ÖGP-Jahrestagung 2019

Sie liegen seit einigen Jahren voll im Trend: E-Zigaretten und E-Shishas. Und sie sind vor allem bei jungen Menschen sehr beliebt. Vermarktet werden sie als „gesündere“ Alternative zum normalen Tabakkonsum. Doch eine Reihe mysteriöser Lungenerkrankungen in den USA und inzwischen 26 Todesfälle werden mit dem Konsum von E-Zigaretten in Zusammenhang gebracht. Der US-Bundesstaat Massachusetts hat ein generelles Verbot für den Verkauf von E-Zigaretten erlassen. Wie gefährlich sind nun E-Zigaretten und Co tatsächlich? Die Österreichische Gesellschaft für Pneumologie (ÖGP) fasst anlässlich ihrer Jahrestagung (10.-12. Oktober in Wien) den Stand der Dinge zusammen.

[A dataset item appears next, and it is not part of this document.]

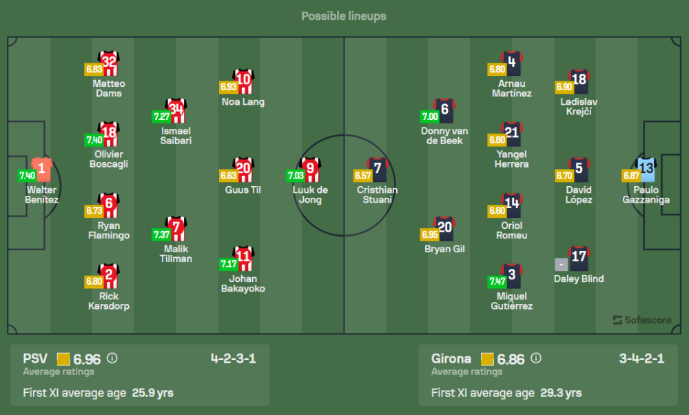 พีเอสวี เจ้าบ้านยังต้องเผชิญกับการขาดตัวหลักบางรายอย่าง แซร์จินโญ่ เดสต์, โจอี้ย์ แฟร์มัน, เยอร์ดี้ ชูเตน และ เออร์วิ่ง โลซาโน่ ที่ยังมีอาการบาดเจ็บ แต่ผู้เล่นหลักจากเกมที่พ่าย อาแจ็กซ์ 2-3 พร้อมลงสนาม เกมนี้คาดว่าจะใช้ระบบ 4-2-3-1 โดยมี โยฮัน บากาโยโก้, กุส ติล, และ โนอา แลง คอยสร้างสรรค์เกมรุกสนับสนุน ลุค เดอ ยอง ที่ยืนเป็นกองหน้าตัวเป้าในการล่าตาข่าย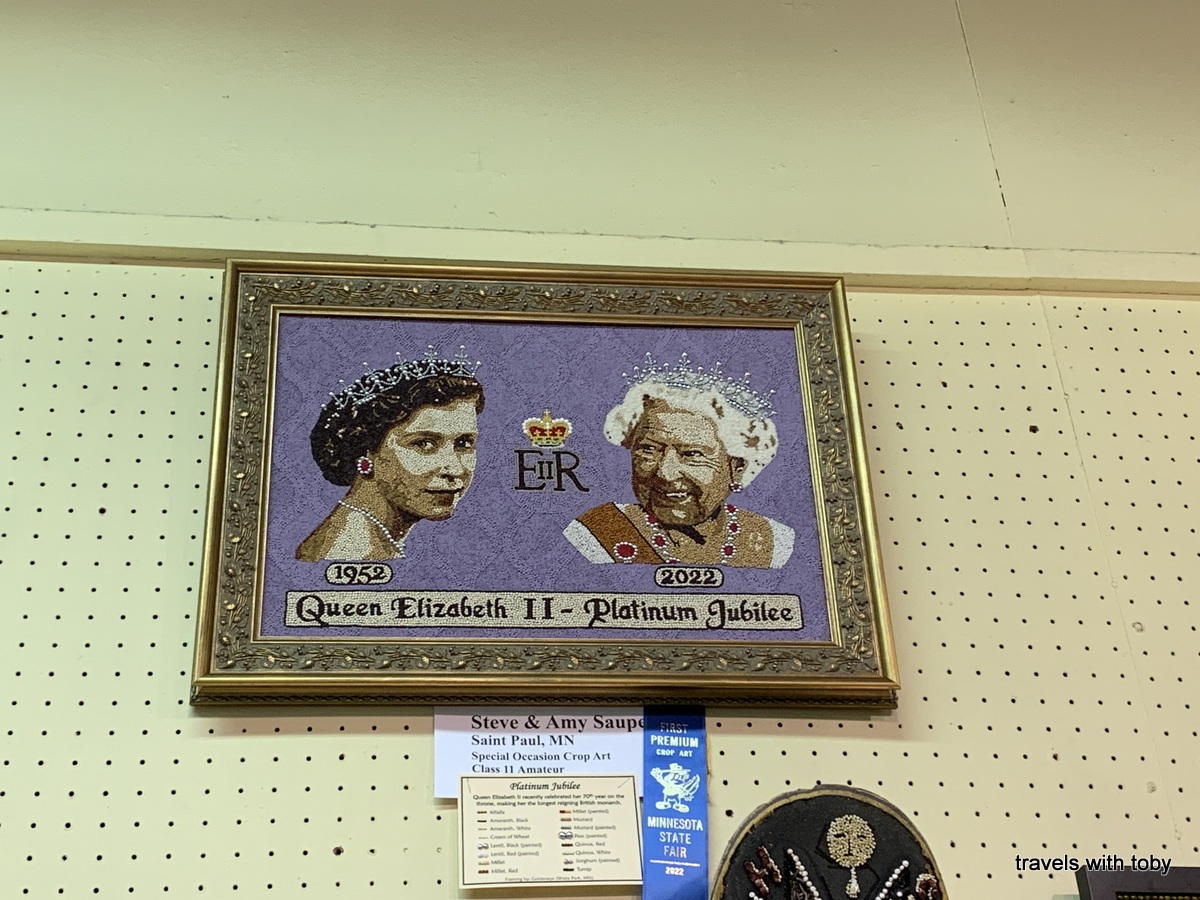 And I may have been the first one in the Agriculture building when it opened at 9:00. Well, I certainly was the first one in that door. And I headed right to the crop art: no line!! There were maybe 3 or 5 of us checking out the crop art. Now this is the way to do it! We perused the flower displays in those rooms of the Agriculture building as well. They rotate every two days so these were different displays than opening day, and we didn’t even venture into the flower rooms on opening day. Just too many people for my comfort level.

E-Zigaretten und E-Shishas richten sich mit ihren fruchtigen und exotischen Aromen wie Pfirsich, Erdbeere, Apfel oder Kokosnuss vor allem an ein junges Publikum. Sie gelten bei vielen Rauchern* als harmlosere Alternative zu klassischen Tabak-Zigaretten oder -Shisha. Sie werden als Instrument zur Raucherentwöhnung angepriesen. Und auch an Orten, wo tabakhaltiger „blauer Dunst“ verboten ist, gelten E-Zigaretten als willkommener und harmloser Ersatz für Raucher. Doch schon seit Jahren warnen Lungenfachärztinnen und Lungenfachärzte davor, E-Zigaretten bedenkenlos zu konsumieren. Sie seien im Vergleich zur normalen Zigarette zwar das kleinere Übel, harmlos sind sie aber ganz bestimmt nicht.
Das Dilemma ist: Bisher gibt es kaum wissenschaftliche Studien zu den gesundheitlichen Spätfolgen der E-Zigaretten und strikte Regulierungen wie bei Nahrungsmitteln, Medikamenten oder herkömmlichen Tabakprodukten fehlen.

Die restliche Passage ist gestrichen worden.